- **MATERIAL PROVIDED**
* * * * *
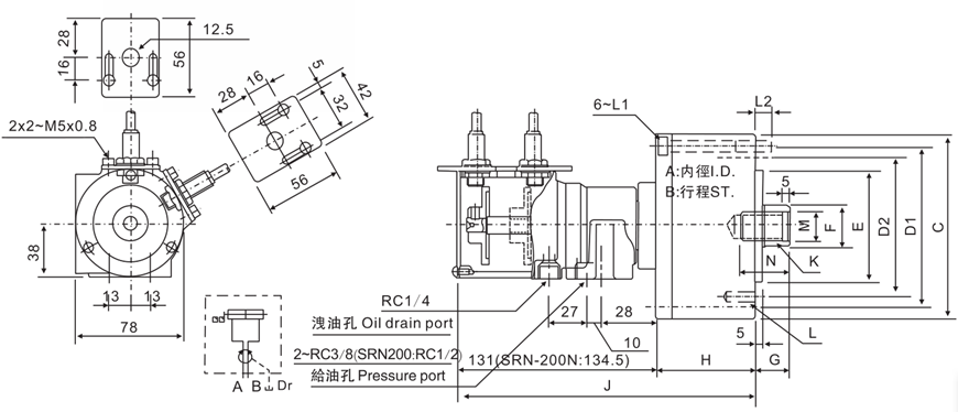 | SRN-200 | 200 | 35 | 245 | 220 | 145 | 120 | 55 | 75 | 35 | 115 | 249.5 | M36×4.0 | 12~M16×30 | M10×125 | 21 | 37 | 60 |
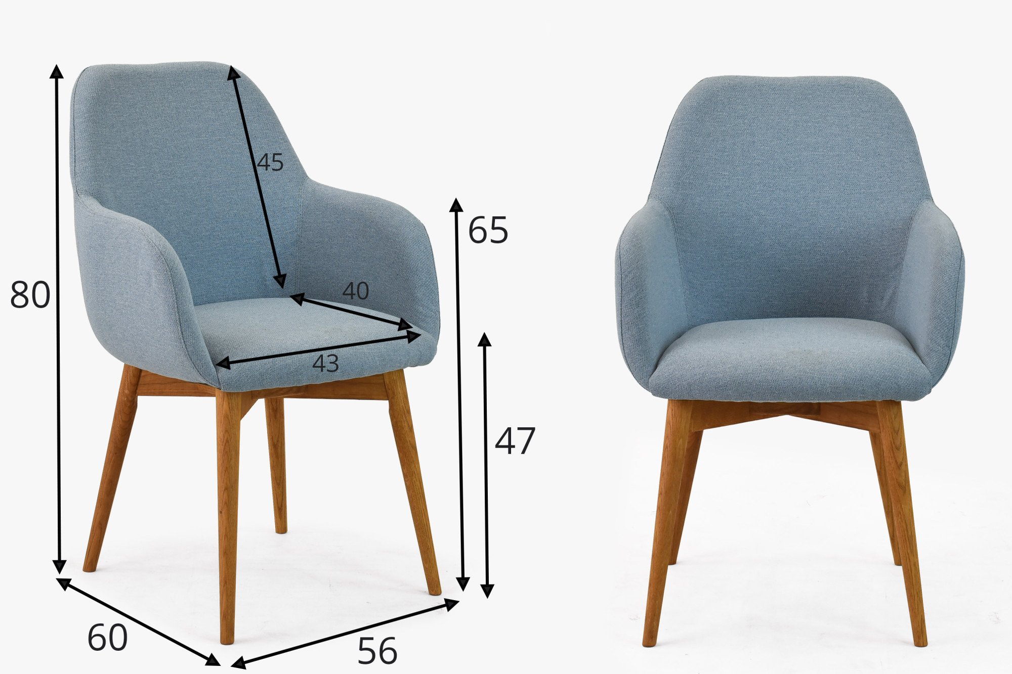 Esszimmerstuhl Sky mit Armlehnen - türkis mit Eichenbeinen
* * * * *
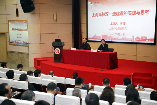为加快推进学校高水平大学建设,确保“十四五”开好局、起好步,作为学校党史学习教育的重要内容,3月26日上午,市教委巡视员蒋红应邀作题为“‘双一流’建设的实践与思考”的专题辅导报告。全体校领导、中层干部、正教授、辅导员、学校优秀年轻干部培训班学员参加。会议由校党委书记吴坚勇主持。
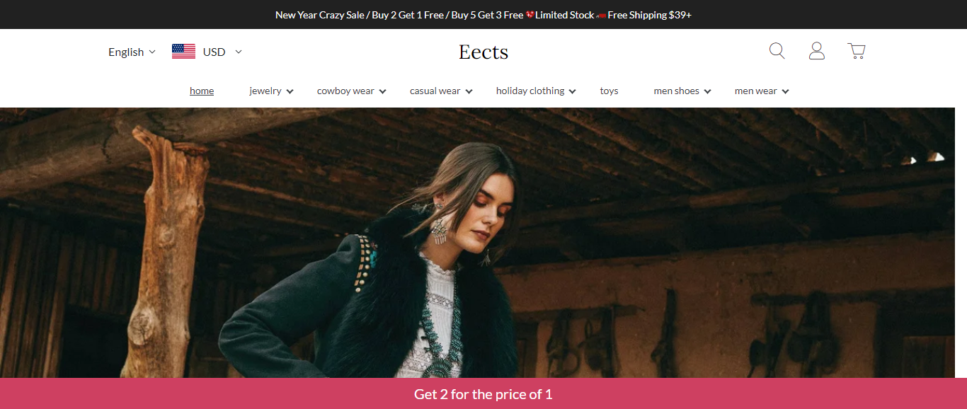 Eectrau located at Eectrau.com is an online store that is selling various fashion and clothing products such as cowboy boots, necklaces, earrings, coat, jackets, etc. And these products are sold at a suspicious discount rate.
* * * * *
From the records above, output only the lines starting at the one containing "21 | 37 | 60 |" and ending at the one containing "Esszimmerstuhl Sky mit", word for word. Pictures stay out.

- **EXERCISE ANSWER**
 | SRN-200 | 200 | 35 | 245 | 220 | 145 | 120 | 55 | 75 | 35 | 115 | 249.5 | M36×4.0 | 12~M16×30 | M10×125 | 21 | 37 | 60 |
 Esszimmerstuhl Sky mit Armlehnen - türkis mit Eichenbeinen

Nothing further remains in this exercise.